Items from a dataset:
=== Section Start ===

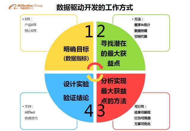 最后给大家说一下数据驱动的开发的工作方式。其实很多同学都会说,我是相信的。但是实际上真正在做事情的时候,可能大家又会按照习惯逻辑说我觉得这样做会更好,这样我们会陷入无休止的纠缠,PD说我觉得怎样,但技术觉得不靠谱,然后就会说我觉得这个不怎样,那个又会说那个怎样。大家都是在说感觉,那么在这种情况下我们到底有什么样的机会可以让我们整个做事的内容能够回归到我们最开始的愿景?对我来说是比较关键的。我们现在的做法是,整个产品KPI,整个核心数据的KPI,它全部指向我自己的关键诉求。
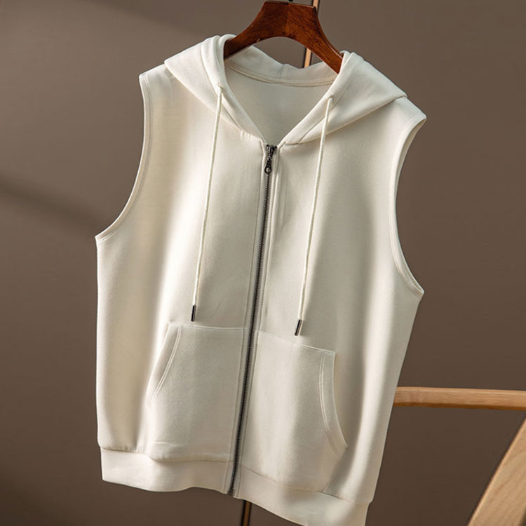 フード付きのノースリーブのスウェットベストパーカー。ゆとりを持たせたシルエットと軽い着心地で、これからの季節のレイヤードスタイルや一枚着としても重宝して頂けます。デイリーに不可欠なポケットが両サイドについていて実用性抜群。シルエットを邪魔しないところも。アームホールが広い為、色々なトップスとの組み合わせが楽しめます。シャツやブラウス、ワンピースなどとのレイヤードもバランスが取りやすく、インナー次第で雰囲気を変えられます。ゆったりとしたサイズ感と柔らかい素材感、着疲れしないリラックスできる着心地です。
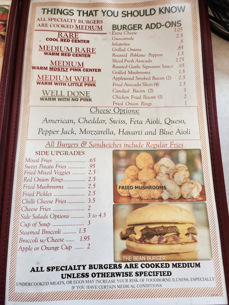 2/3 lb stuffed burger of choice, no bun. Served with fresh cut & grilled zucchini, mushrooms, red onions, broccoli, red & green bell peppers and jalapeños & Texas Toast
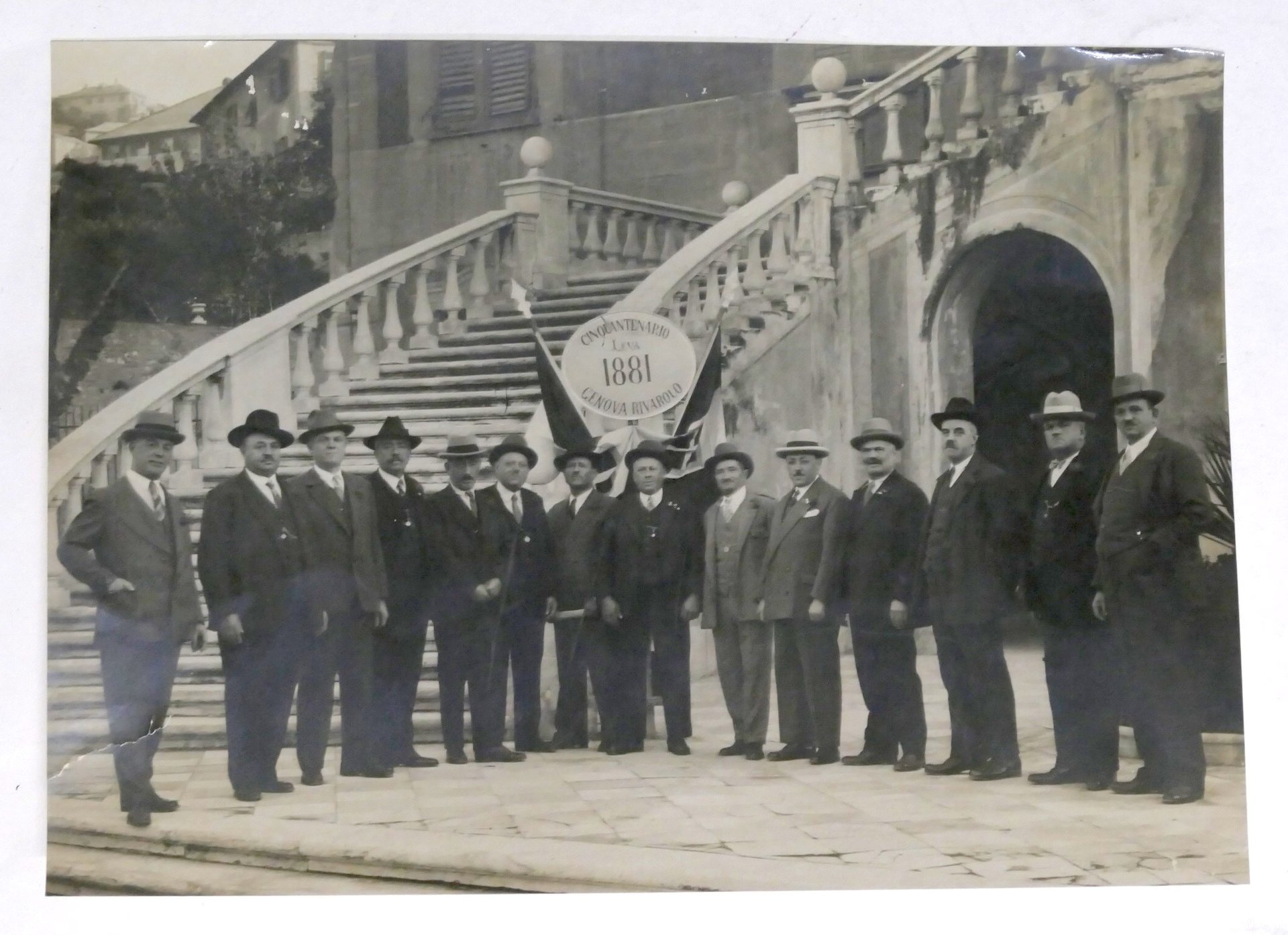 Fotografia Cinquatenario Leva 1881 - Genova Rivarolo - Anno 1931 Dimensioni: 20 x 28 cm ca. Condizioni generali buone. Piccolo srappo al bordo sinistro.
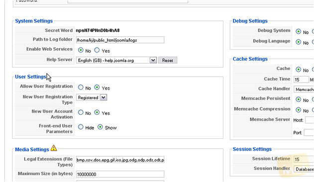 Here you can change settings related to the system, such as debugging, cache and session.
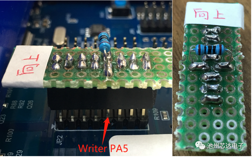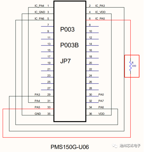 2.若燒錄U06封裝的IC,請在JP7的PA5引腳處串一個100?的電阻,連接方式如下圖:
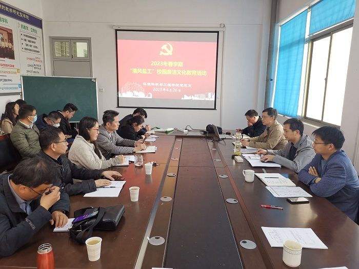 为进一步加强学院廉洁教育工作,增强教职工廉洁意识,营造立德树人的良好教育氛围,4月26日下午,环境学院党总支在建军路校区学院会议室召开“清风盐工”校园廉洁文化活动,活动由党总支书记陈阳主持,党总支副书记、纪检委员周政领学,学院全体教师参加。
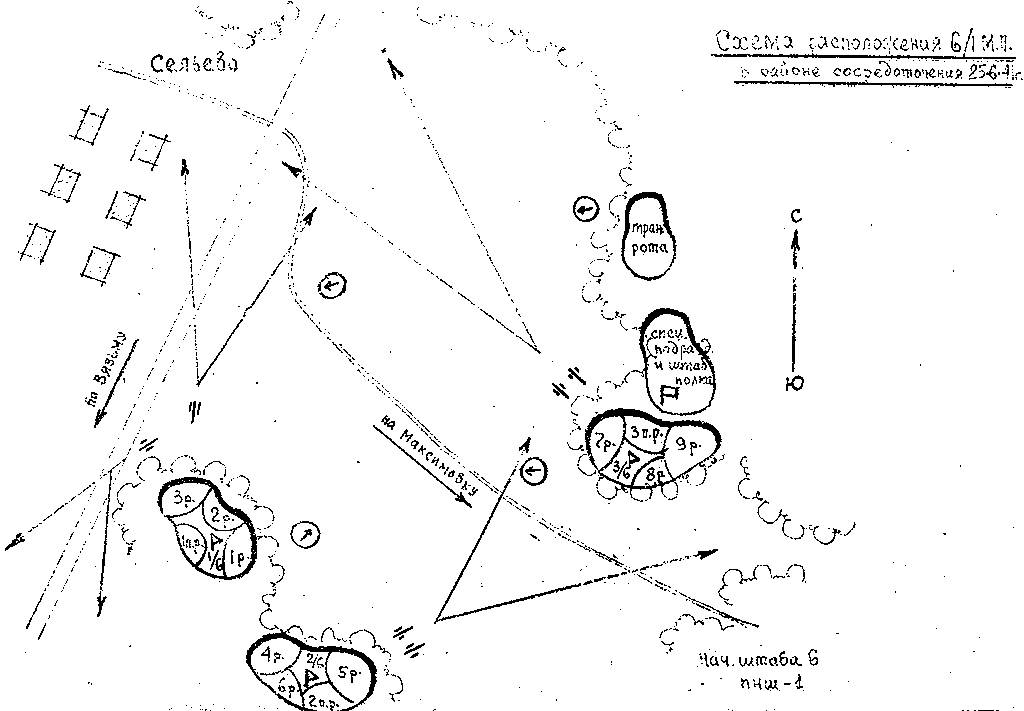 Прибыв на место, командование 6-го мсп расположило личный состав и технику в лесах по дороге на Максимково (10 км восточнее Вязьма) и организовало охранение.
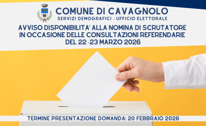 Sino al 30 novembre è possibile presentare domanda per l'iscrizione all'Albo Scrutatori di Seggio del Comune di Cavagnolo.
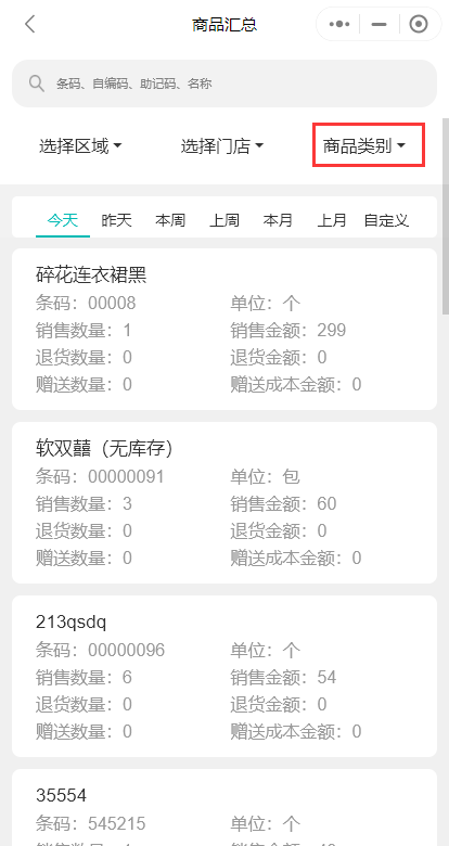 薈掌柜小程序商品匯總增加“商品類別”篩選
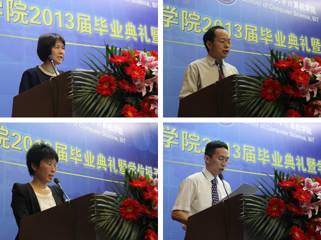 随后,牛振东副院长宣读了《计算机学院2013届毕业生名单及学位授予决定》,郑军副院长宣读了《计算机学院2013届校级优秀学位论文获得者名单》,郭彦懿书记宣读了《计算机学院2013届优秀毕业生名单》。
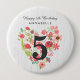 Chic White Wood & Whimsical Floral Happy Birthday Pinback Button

=== Section End ===

» **Task instructions**
Above are some records; extract exactly the lines from the one containing "Sino al 30 novembre" through the one containing "随后,牛振东副院长宣读了《计" and drop the pictures.

» **Answer below**
 Sino al 30 novembre è possibile presentare domanda per l'iscrizione all'Albo Scrutatori di Seggio del Comune di Cavagnolo.
 薈掌柜小程序商品匯總增加“商品類別”篩選
 随后,牛振东副院长宣读了《计算机学院2013届毕业生名单及学位授予决定》,郑军副院长宣读了《计算机学院2013届校级优秀学位论文获得者名单》,郭彦懿书记宣读了《计算机学院2013届优秀毕业生名单》。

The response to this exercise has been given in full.